- Training and evaluation on VoxMix (part of VoxCeleb2)
- Training/evaluation dataset (VoxMix)
- Four architectures: AV-DPRNN, MuSE, AV-Sepformer, SEANet (proposed), including the trained model and training logs.
- More details: Notes
- Usage: Simple and easy, very few files/codes;
- Dataset: Provide the extracted lip features. Link
- Details: Share my training logs, models and notes. Link
For audio part: prepare the VoxCeleb2 dataset, wav files.
For visual part: I have uploaded the lip features here! You can also generate lip embeddings from the pre-trained visual encoder for the mp4 files in VoxMix.
Create your environment, install the dependence (Cuda 12.1 in my experiments)
pip install -r requirements.txt
[Train] Set the data path in run_train.sh, it has four achitectures:
bash configs/run_train.sh
[Test] You can set the best model in run_eval.sh for testing. The models trained by me can be found here, include my training/testing logs.
bash configs/run_eval.sh
- For multi-GPU training. See Notes.
- During training, audio mixtures are generated online
- VoxMix dataset: 20K train, 5K val, 3K test samples.

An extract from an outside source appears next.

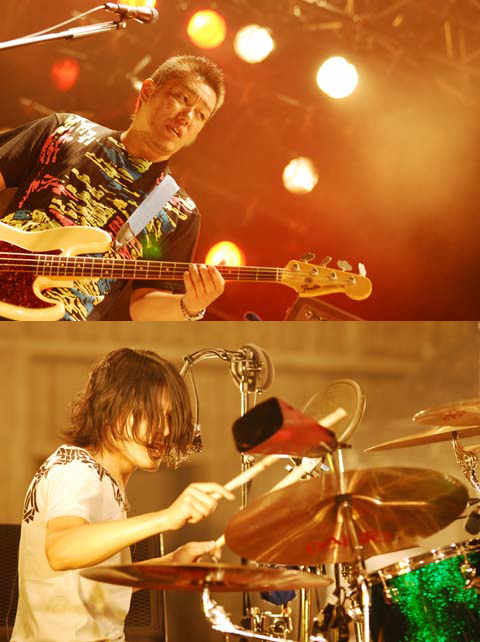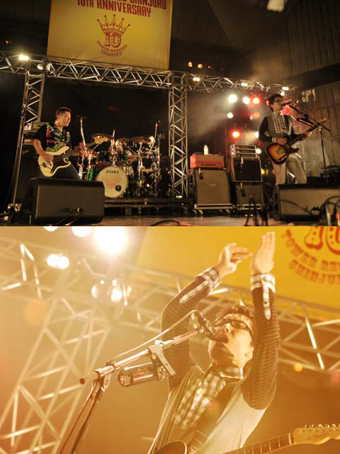で、一旦ブレーキをかけてMCに入ると、ここで恒例のノンストップ・パレード〈無限大ダンスタイム〉をスタート! ディスコティックに燃え上がる“Hi-Fi”や、激アッパーなエレクトロ・チューン“I'll be there”などの必殺曲を休みなく叩き込み、日の暮れかけた野音に眩いばかりのダンス・ステージを光臨させる。続く新曲“majestic trancer”では、VERBALのラップ部分をスター得意のライトハンド奏法を駆使したギター・ソロで滑り抜け、ライヴの定番“Transient Happiness”ではお馴染みの両足を左右にパカパカ開くダンス(?)も炸裂!

Here are the VoxMix results (run again based on this open-source code, slightly different from our paper, 150 epochs for all).
Method | Val_SI_SDR | Val_SDR | Test_SI_SDR | Test_SDR |
---|---|---|---|---|
AV-DPRNN | 11.44 | 11.94 | 11.12 | 11.56 |
MuSE | 10.60 | 11.08 | 10.31 | 10.75 |
AV-Sepformer | 12.69 | 13.21 | 12.08 | 12.50 |
SeaNet (ours) | 13.42 | 13.91 | 12.95 | 13.39 |
We study many useful projects in this work, which includes:
- Lin, Jiuxin, et al. "Av-sepformer: Cross-attention sepformer for audio-visual target speaker extraction." ICASSP 2023-2023 IEEE International Conference on Acoustics, Speech and Signal Processing (ICASSP). IEEE, 2023. Code
- Pan, Zexu, et al. "USEV: Universal speaker extraction with visual cue." IEEE/ACM Transactions on Audio, Speech, and Language Processing 30 (2022): 3032-3045. Code
- Pan, Zexu, et al. "Muse: Multi-modal target speaker extraction with visual cues." ICASSP 2021-2021 IEEE International Conference on Acoustics, Speech and Signal Processing (ICASSP). IEEE, 2021. Code
Thanks for these authors to open source their code!
Please cite the following if our paper or code is helpful to your research.
@article{tao2025seanet,
title={Audio-Visual Target Speaker Extraction with Reverse Selective Auditory Attention},
author={Tao, Ruijie and Qian, Xinyuan and Jiang, Yidi and Li, Junjie and Wang, Jiadong and Li, Haizhou},
journal={IEEE/ACM Transactions on Audio, Speech, and Language Processing (TASLP)},
year={2025}
}